Foto grafis/Dokumen Eli Sahroni Secangkir, kopi menambah hangat suasana obrolan saya dan Eli Sahroni, salah satu tokoh di provinsi Banten. Jurnalistik jadi topik obrola disela waktu senggang rutinitas.
Munculnya obrolan tentang jurnalistik bukan tanpa sebab. Karena jurnalistik bagi Eli Sahroni merupakan salah satu bagian yang turut mewarnai perjalanan hidupnya.
Bagi pria yang akrab disapa King Badak, Jurnalistik memiliki filosofi yang cukup mendalam dalam membaca gejala zaman. Di mana, jurnalistik bagi dirinya juga dinilai telah mengajarkannya tentang banyak hal.
“Jurnalistik mengajarkan saya membaca gejala zaman. Dari situ saya belajar bahwa perlawanan tanpa arah dan konsep hanya akan jadi riuh tanpa hasil,” ucap King Badak.
Krisis moneter dan massa kejatuhan era rezim Soeharto sekitar tahun 1998/1999, menjadi salah satu pintu awal bagi Eli Sahroni menyelami dunia jurnalistik.
Di tahun dimana bangsa Indonesia sedang melewati masa-masa berat dan memasuki masa reformasi itulah, Eli Sahroni muda ditempa sebagai jurnalis di sebuah koran harian Nasional Sentana.
Dijalan itu pula, sikap kritis yang ada di dalam diri pria yang akrab disapa Sanekala semakin tajam. Sikap kritis itu terbukti dengan berita hasil reportase yang ia tulis.
Hatinya selalu terusik ketika menyoal masalah korupsi maupun isu sosial.
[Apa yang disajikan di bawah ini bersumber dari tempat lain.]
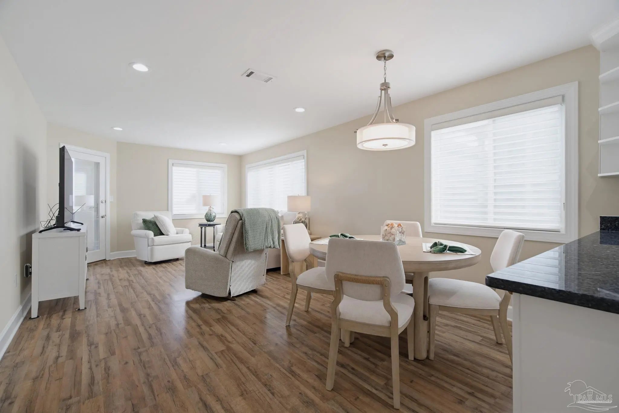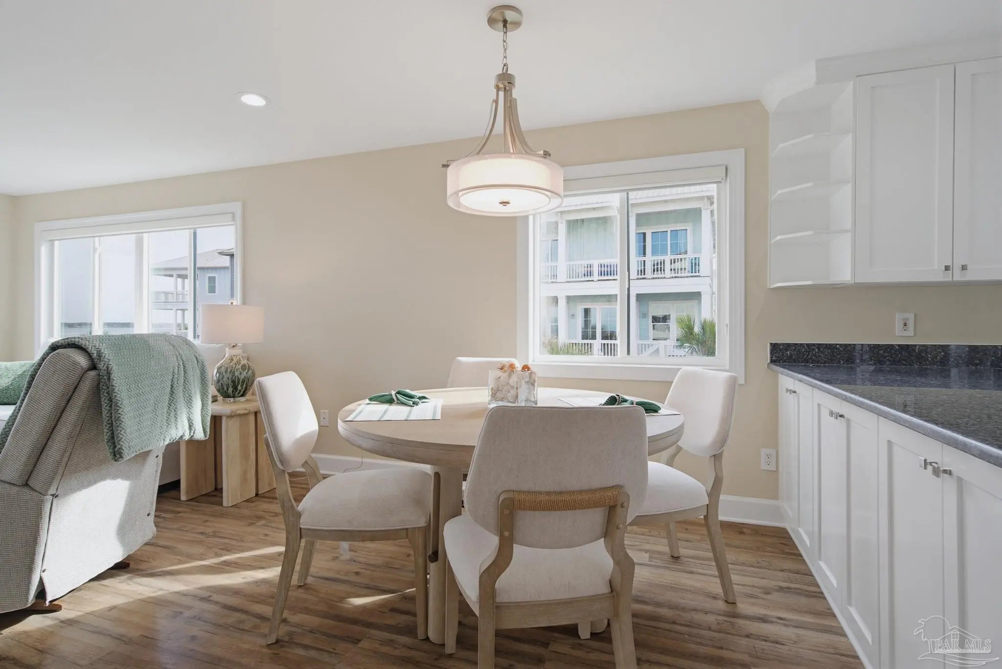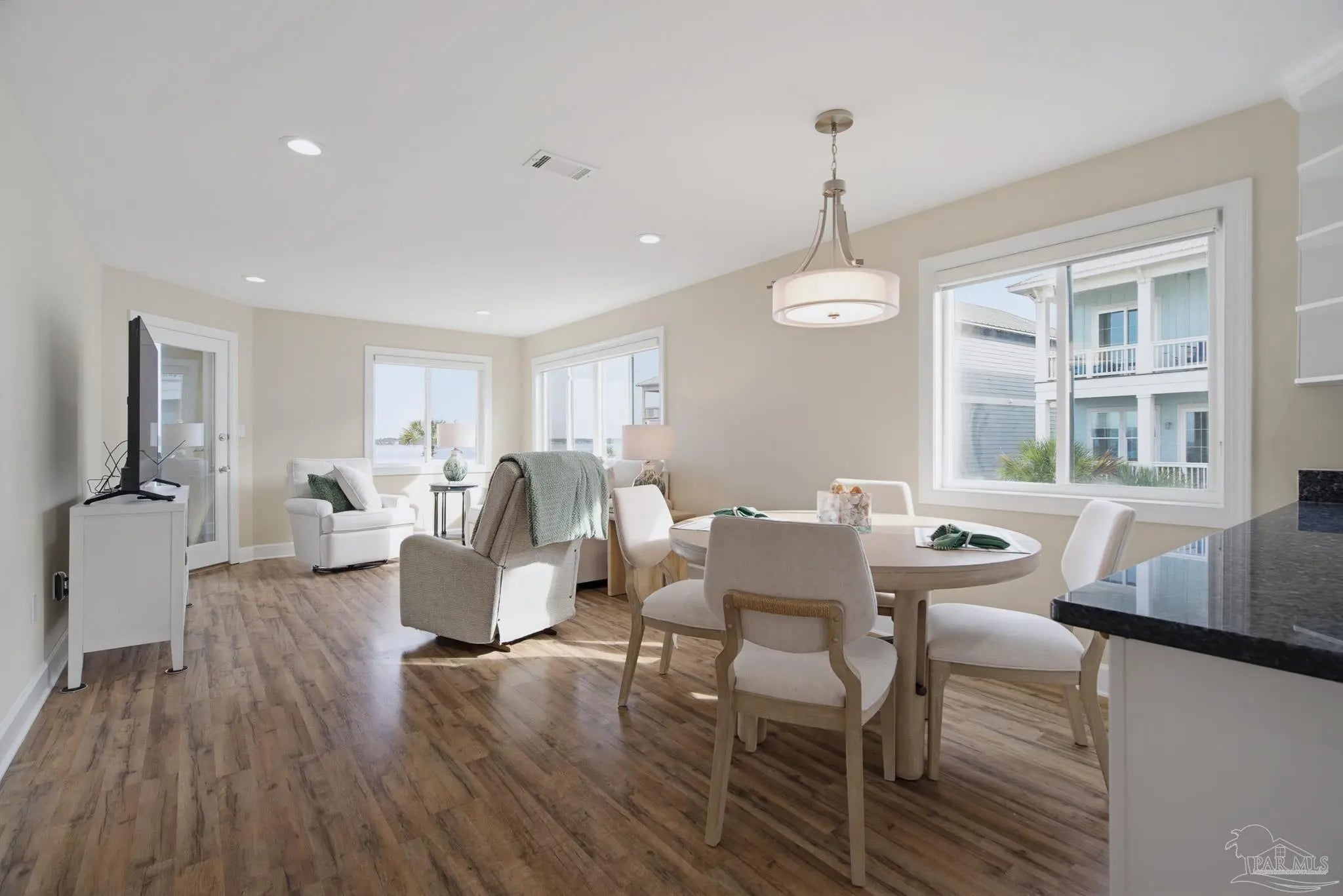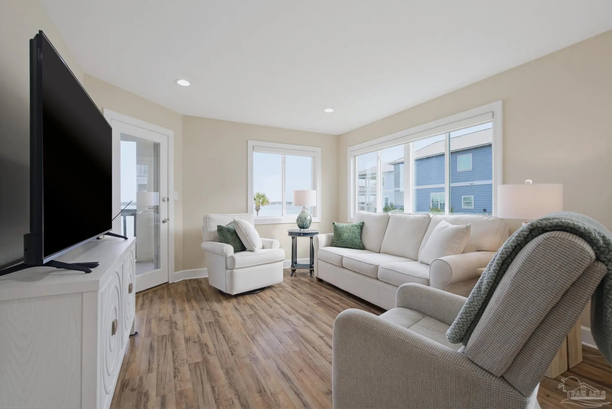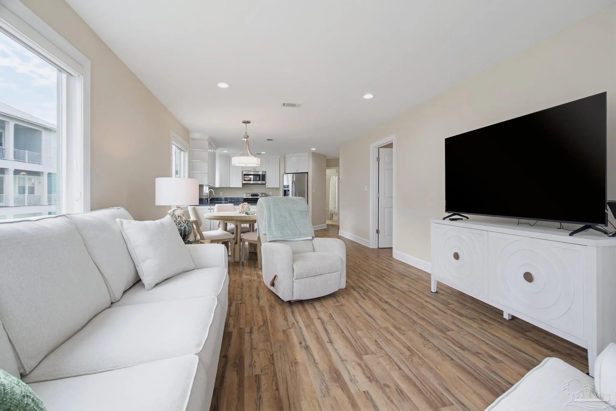 Enjoy a redefined standard of coastal living in this premier corner unit at Sunset Harbor. This beautifully appointed 2-bedroom, 2-bathroom waterfront condo overlooks the tranquil Santa Rosa Sound, offering an exceptional blend of comfort, style, and quintessential Florida charm. As a rare corner residence, the home is wrapped in additional windows that fill the living spaces with natural light, coastal breezes, and peaceful water views. The open-concept floor plan is ideal for entertaining—whether you’re hosting indoors or relaxing outside on the covered balcony. Warm luxury vinyl flooring and a soothing neutral color palette create an inviting and serene atmosphere throughout. Just a short walk away, you'll find the Gulf of Mexico and the Gulf Islands National Seashore, making sunrise or sunset strolls part of your daily routine. Sunset Harbor residents also enjoy private dock and pier access, perfect for fishing, dolphin watching, or simply unwinding by the water. A resort-style pool completes the community’s coastal-resort feel. Come experience why Navarre Beach is known as “Florida’s Best Kept Secret.” Whether you're seeking a high-performing short-term rental, a relaxing vacation escape, or a forever slice of paradise, this exceptional corner unit at Sunset Harbor is truly the Emerald Coast dream.

Tak hanya sikap kritis, di jalan itu pula ketangguhan Eli dalam memperjuangkan kepentingan masyarakat mulai terbentuk.
“Jurnalis adalah titik awal saya mengenal dunia. Di dunia jurnalis saya banyak ditempa,” kata Eli Sahroni.
Ketika dulu masih jadi jurnalis, langkah juang membantu masyarakat hanya bisa lewat tulisan. Dari situ pula dirinya belajar membaca gejala zaman.